The short answer to the title is: Accessibility is not an average.
For a longer answer, read on.
When I run training a common refrain is: Computers don’t know what is appropriate. I illustrate that with a picture of a dog, and showing an alt text of “cat”.
Historically accessibility testing tools would not pick that up. The image has an alternative text, it isn’t the same as the file name, so by an automated test that’s ok.
With machine learning (ML) you could, at least in theory, feed images with good alt text into a model and use that to test whether the alt-text of “cat” is good. Hopefully it would say no. I haven’t seen that work in practice, but I can accept it is possible.
Now there are tools for producing (or co-producing) code, e.g. Co-Pilot. There are even some that claim to output accessible code.
I won’t claim to be an expert in Artificial Intelligence, ML, or Large Language Models (LLMs), but there is a fairly understandable way to explain why it won’t work for accessibility. The process for generating the code is something like:
- A corpus of information is fed into a model. For example, you could feed it code on the open web, or from code repositories.
- The model is analogous to a statistical model, so it is looking at what things statistically go together.
- Based on a prompt, the model will output things that are likely answers to that prompt.

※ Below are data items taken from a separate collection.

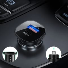 Szybka ładowarka samochodowa marki Acefast. Posiada 2 porty, USB Typ C i USB. Pierwsza wtyczka USB Typ C umożliwia ładowanie z maksymalną mocą 20W, a wtyczka USB do 18W. Pozwala na szybkie ładowanie m.in. w standardach PPS, Power Delivery, Quick Charge 3.0, AFC i FCP. Można do niej podłączyć 2 urządzenia jednocześnie. Jest wykonana z ognioodpornego materiału PC. Została wyposażona w wiele zabezpieczeń takich jak np. przed przegrzaniem, przepięciem, wysokim napięciem czy przeciążeniem.
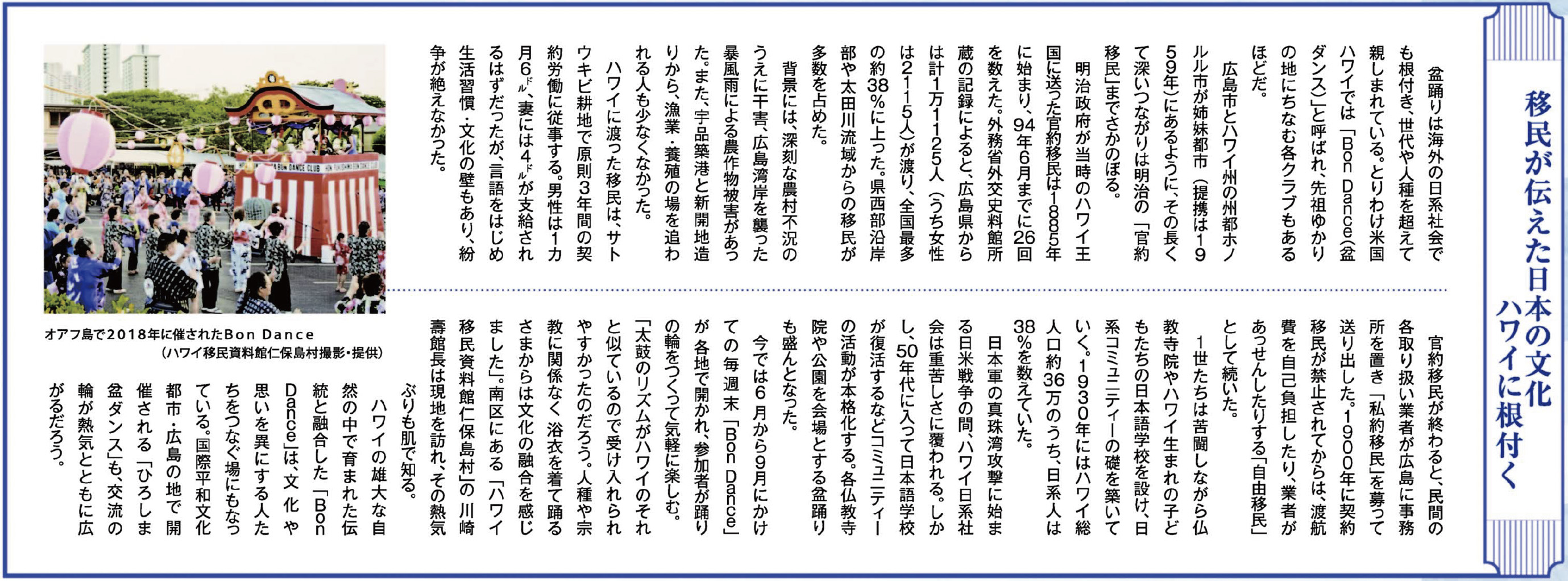 我が仁保島村の最後の岩澤村長は、「おらが村さの誇りのものは、海外移民と盆踊り」と、仁保村志に書き記した。
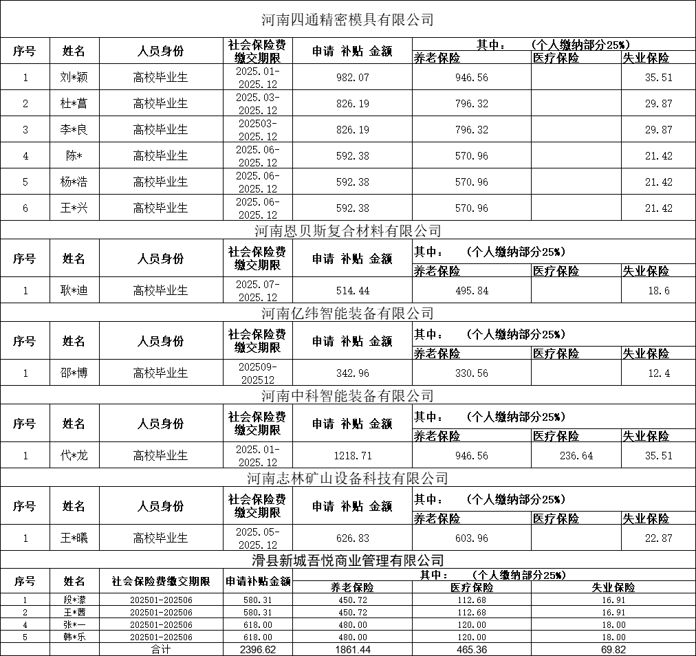 根据豫人社办函〔2025〕105号)第一条“重点行业领域的中小微企业与重点群体签订1年以上劳动合同,按照个人缴费额的25%给予社会保险补贴”;豫政办明电〔2025〕29号)第二款第(四)条“扩大社会保险补贴范围”;《河南省人力资源和社会保障厅关于落实扩大社会保险补贴范围政策有关工作的通知》“第一条合理确定行业范围,将制造业和生活服务业整体纳入支持范围”,现对河南四通精密模具有限公司、河南恩贝斯复合材料有限公司等几家有限公司吸纳的高校毕业生个人社会保险补贴进行公示,补贴金额9511.15元。
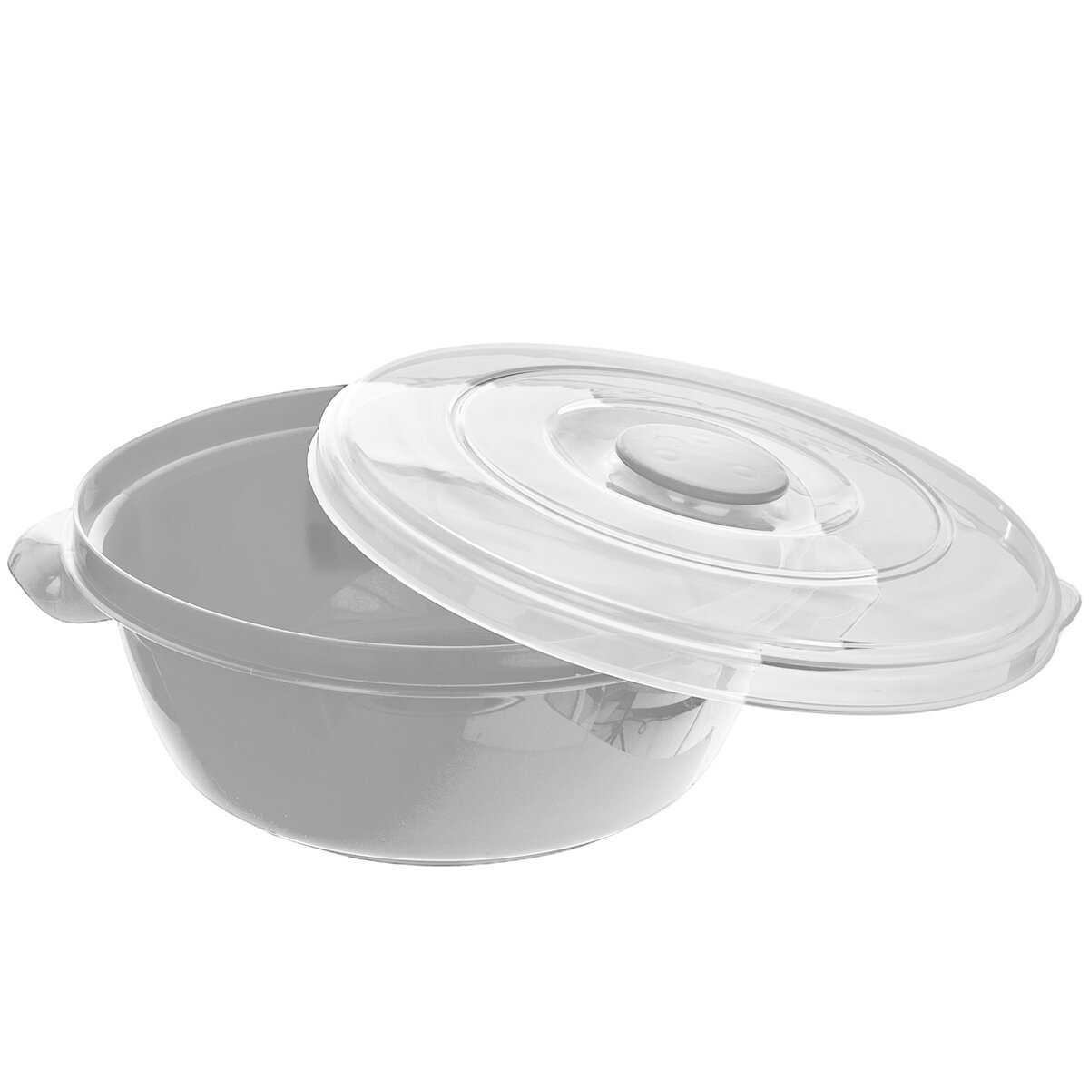 Plastová dóza kulatého tvaru určená k ohřevu v mikrovlnné troubě, ale která se také hodí na uskladnění a přenášení polévek, omáček, salátů a jiných pokrmů. Má objem 1,8 l a praktické transparentní víko, díky čemuž snadněji rozpoznáte obsah nádoby. Výhodou jsou také dvě ucha, která ulehčují její přenášení.

There are two reasons such a model would not output accessible code:
- Most code is not accessible.
- An average of reasonably accessible code might not work if it uses a statistical model (rather than meaning) to decide between component types.
I don’t think anyone will doubt the first reason. The WebAim analysis of a million homepages is pretty good evidence that most code is not accessible. Nomensa’s experience with running audits aligns with that.
Wherever you take an average, or a ‘most likely next thing’ based on the average webpage, it will not output accessible code because the average is not accessible.
The second reason I’m less confident of, but I’m thinking of examples where you might take different approach to a particular component, and a model might merge them together creating a very confusing experience. For example, it might include a smattering of ARIA attributes because they are used by some sites, but they are unlikely to be appropriately used.
I’m not sure these are solvable problems. For example, if you took a smaller corpus of known-accessible examples to feed the model, would it be large enough to work? Also, would it be better than using a decision tree and a component library? I’m sceptical.
Accessibility is by definition non-typical usage, therefore applying an average does not work.